Baltic Way 2023 Shortlist

The set of equations given in the problem statement is Flensburgian precisely when $n$ is even or $n=1$.

To see that it is not Flensburgian when $n\ge 3$ is odd, notice that if $(a,b,c)$ satisfies the set of equations then so does $(-a,-b,-c)$. Hence, if there exists a single solution to the set of equations where all the variables are different then the set of equations cannot be Flensburgian. This is in fact the case, e.g., consider $(a,b,c)=\left(\frac{1}{2},\frac{2^{n-1}-1}{2^n},{\left(\frac{2^{n-1}-1}{2^{2n}}\right)}^{\frac{1}{n+1}}\right)$.

If $n=1$ from the first equation we know $b=0$. But then from the second equation it follows $c=0$. Hence, there cannot be any solution with pairwise different variables $a,b,c$. Therefore, the set of equations is Flensburgian for $n=1$.

The rest of the solution is dedicated to prove that the set of equations is indeed Flensburgian when $n$ is even.
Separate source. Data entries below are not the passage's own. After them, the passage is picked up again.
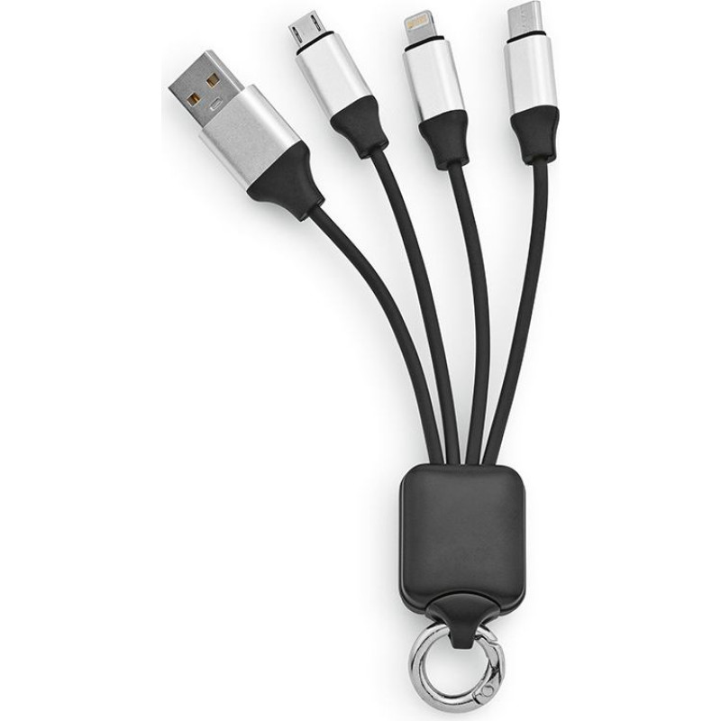 Sagan 4 in 1 multi charging cable in rTPR. Featuring USB-A, USB-C, Micro USB and Lightning (12W / 5V2.4A). This cable easily holds all of your daily tech and lifestyle necessities, thanks to its smart design and system of functional outputs (4 in 1). Includes a hanging loop and comes packed inside an individual kraft pouch.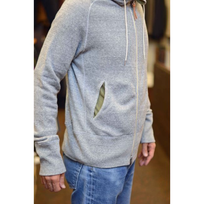 クラシックなスウェットパーカーの素材を再現し、スタイリッシュにモダナイズしたジップパーカー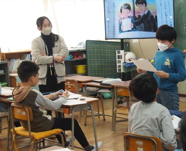 4年生の道徳「学校のれきし」の様子です。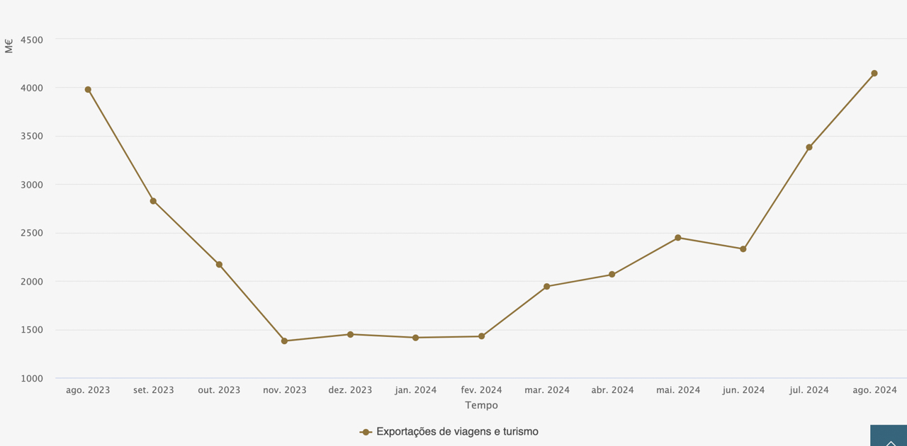 Os gastos de turistas estrangeiros em Portugal, que são contabilizados como exportações de turismo pelo Banco de Portugal, superaram em Agosto, pela primeira vez, os 4.000 milhões de euros, com o total de 4.149,07 milhões.

The first equation yields $b=a-a^n\le a$, since $a^n\ge 0$ when $n$ is even. The inequality is strict whenever $a\ne 0$ and the case $a=0$ implies $b=0$, i.e. $a=b$, which we can disregard. Substituting the relation $b=a-a^n$ into the second equation yields $$\begin{gathered} 0=c^{n+1}+(a-a^n{)}^2-a(a-a^n)=c^{n+1}+a^{2n}-a^{n+1},\text{ i.e. } \\ {c}^{n+1}=a^{n+1}-a^{2n}<a^{n+1} \end{gathered}$$ since we can disregard $a=0$ and $2n$ is even. Since $n+1$ is odd, the polynomial $x^{n+1}$ is strictly increasing, implying that $c<a$. Hence, when $n$ is even, all solutions of the set of equations where $a,b,c$ are pairwise different satisfy $a>b$ and $a>c$.